The limitation of the current study is heterogeneity in patient inclusion criteria in each clinical study included in this analysis. Given that the definition of unresectable or advanced HCC differs between studies, direct comparisons between treatment groups are inappropriate. However, because this study comprehensively analyzed the correlation coefficient of each patient group, differences in patient selection between the groups might have had little effect on the results. Another limitation includes publication bias. Although the patient group whose conversion rate was reported as 0 was included in the current analysis, we did not include studies that did not report the conversion rate because we could not decide if the conversion rate was actually 0 or was merely unreported. Given that studies reporting the conversion rate may more or less consider conversion therapy, applying the results of the current analysis to patients who are potentially candidates for conversion therapy may be acceptable.

Conclusion
Regimens for systemic treatment or HAIC with a high ORR should be selected for patients with advanced HCC who are candidates for conversion therapy. Even if the conversion treatment is not successful, a high ORR is still related to prolonged PFS and OS.

Statement of Ethics
A statement of ethics is not applicable because this study is based exclusively on published literature.

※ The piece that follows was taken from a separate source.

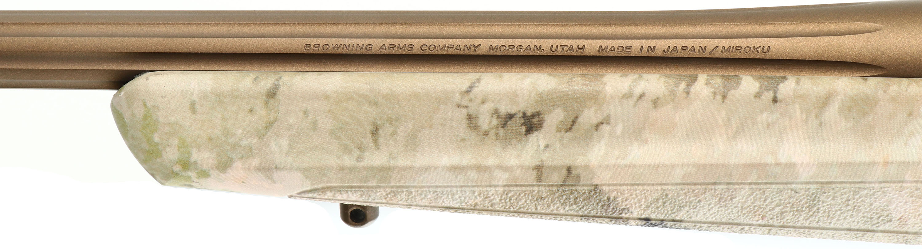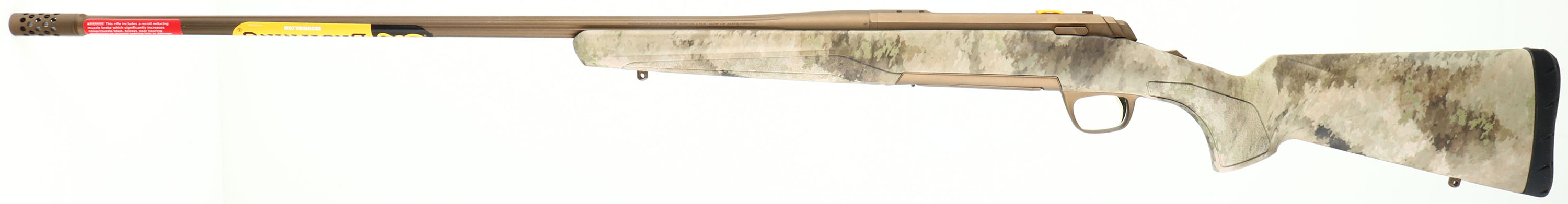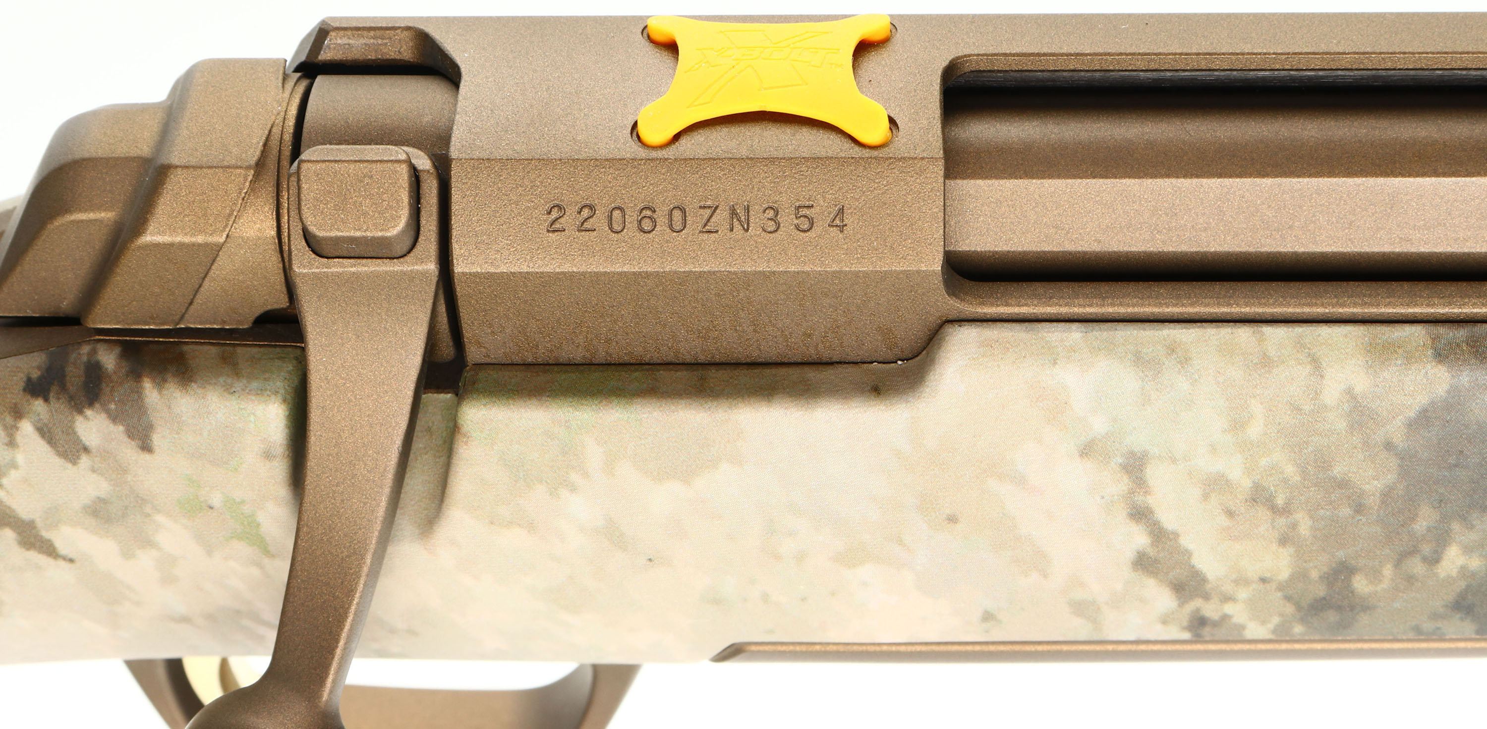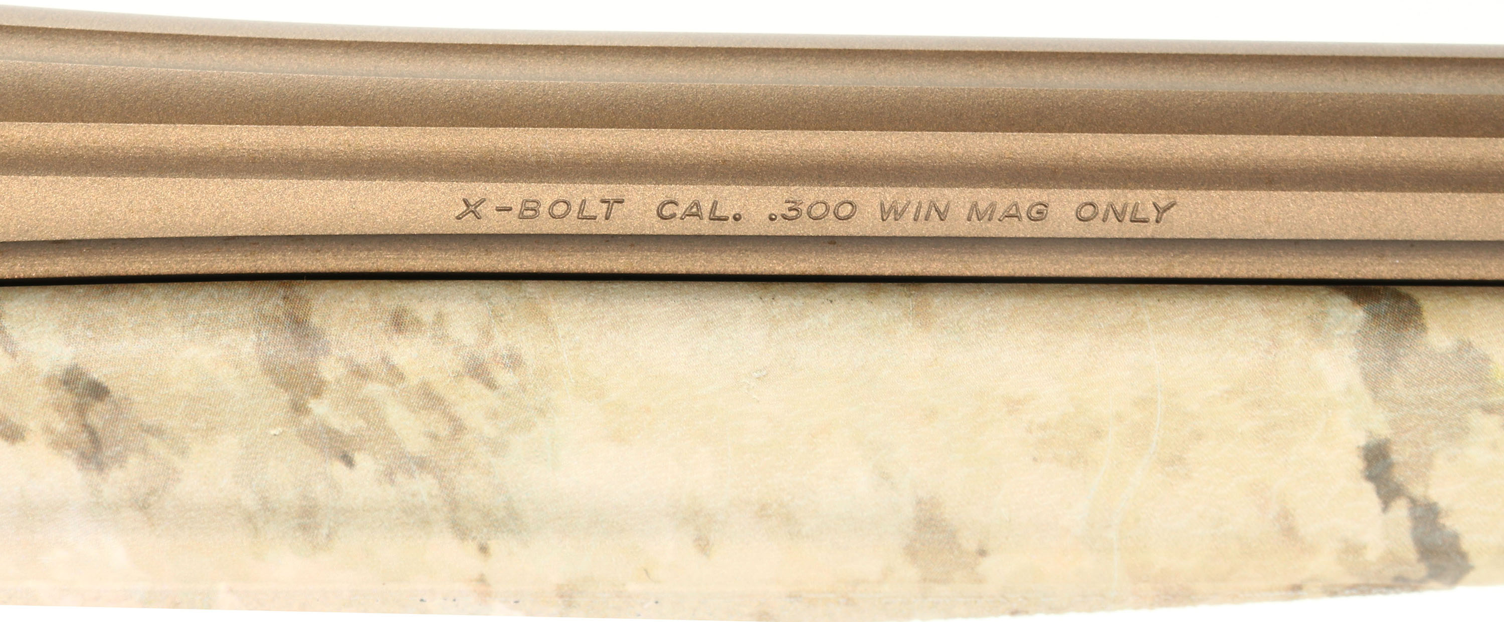 BOXED Browning, X-Bolt Hell's Canyon, CAL: 300 WIN MAG., MFG: Modern, SN: 22060ZN354, Bolt Action Rifle, 26'' Tapered & flouted bronze barrel, with muzzle brake. The original Hells Canyon camo & pistol grip synthetic stock is mint. The original bronze tone metal finish is 100%. Bore is mint. The top of the receiver is factory drilled for a scope mount, No provision for open sights. Sling studs. Factory solid recoil pad. Comes in original label matching box, with owner's manual, lock & instruction manual. A fabulous sporting rifle in NIB condition. FFL Req. - Value: 1000 to 2000

Conflict of Interest Statement
The authors have no conflicts of interest to declare.

Funding Sources
This study was partially supported by JSPS KAKENHI, Grant No. 21K16486.

Author Contributions
M.O., H.N., and E.H. made substantial contributions to the conception, design, acquisition, analysis, and interpretation of the data. K.O., T.I., and H.H. made substantial contributions to the acquisition and interpretation of the data. M.O., H.N., K.O., and E.H. drafted the article and revised it critically for important intellectual content. T.I. and H.H. critically revised the article for important intellectual content. All authors approved the final version of the manuscript to be published.